= Work instruction =
Below is a listing to write out in full, exactly as given, without its pictures.

START Data excerpt

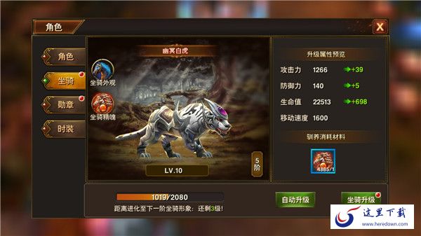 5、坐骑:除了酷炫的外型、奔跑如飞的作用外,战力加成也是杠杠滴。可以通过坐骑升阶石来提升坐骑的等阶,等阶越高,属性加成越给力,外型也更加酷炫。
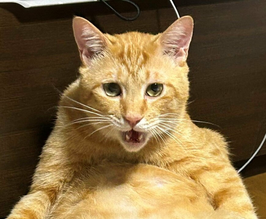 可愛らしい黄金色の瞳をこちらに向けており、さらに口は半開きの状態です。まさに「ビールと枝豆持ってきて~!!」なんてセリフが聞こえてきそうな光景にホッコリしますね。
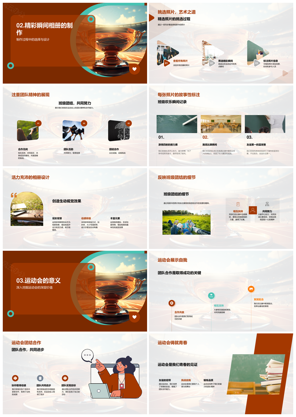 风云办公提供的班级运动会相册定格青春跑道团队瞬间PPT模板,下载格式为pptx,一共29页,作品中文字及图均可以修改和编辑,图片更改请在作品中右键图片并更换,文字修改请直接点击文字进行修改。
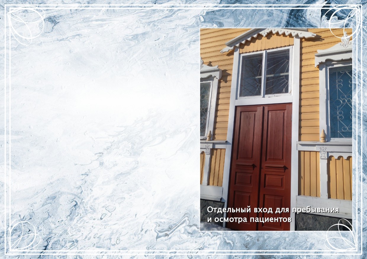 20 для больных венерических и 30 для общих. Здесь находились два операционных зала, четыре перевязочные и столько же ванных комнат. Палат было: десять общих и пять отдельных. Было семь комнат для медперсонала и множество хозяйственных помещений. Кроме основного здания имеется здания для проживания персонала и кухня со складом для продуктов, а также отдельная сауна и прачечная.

END Data excerpt

= Exercise answer =
 5、坐骑:除了酷炫的外型、奔跑如飞的作用外,战力加成也是杠杠滴。可以通过坐骑升阶石来提升坐骑的等阶,等阶越高,属性加成越给力,外型也更加酷炫。
 可愛らしい黄金色の瞳をこちらに向けており、さらに口は半開きの状態です。まさに「ビールと枝豆持ってきて~!!」なんてセリフが聞こえてきそうな光景にホッコリしますね。
 风云办公提供的班级运动会相册定格青春跑道团队瞬间PPT模板,下载格式为pptx,一共29页,作品中文字及图均可以修改和编辑,图片更改请在作品中右键图片并更换,文字修改请直接点击文字进行修改。
 20 для больных венерических и 30 для общих. Здесь находились два операционных зала, четыре перевязочные и столько же ванных комнат. Палат было: десять общих и пять отдельных. Было семь комнат для медперсонала и множество хозяйственных помещений. Кроме основного здания имеется здания для проживания персонала и кухня со складом для продуктов, а также отдельная сауна и прачечная.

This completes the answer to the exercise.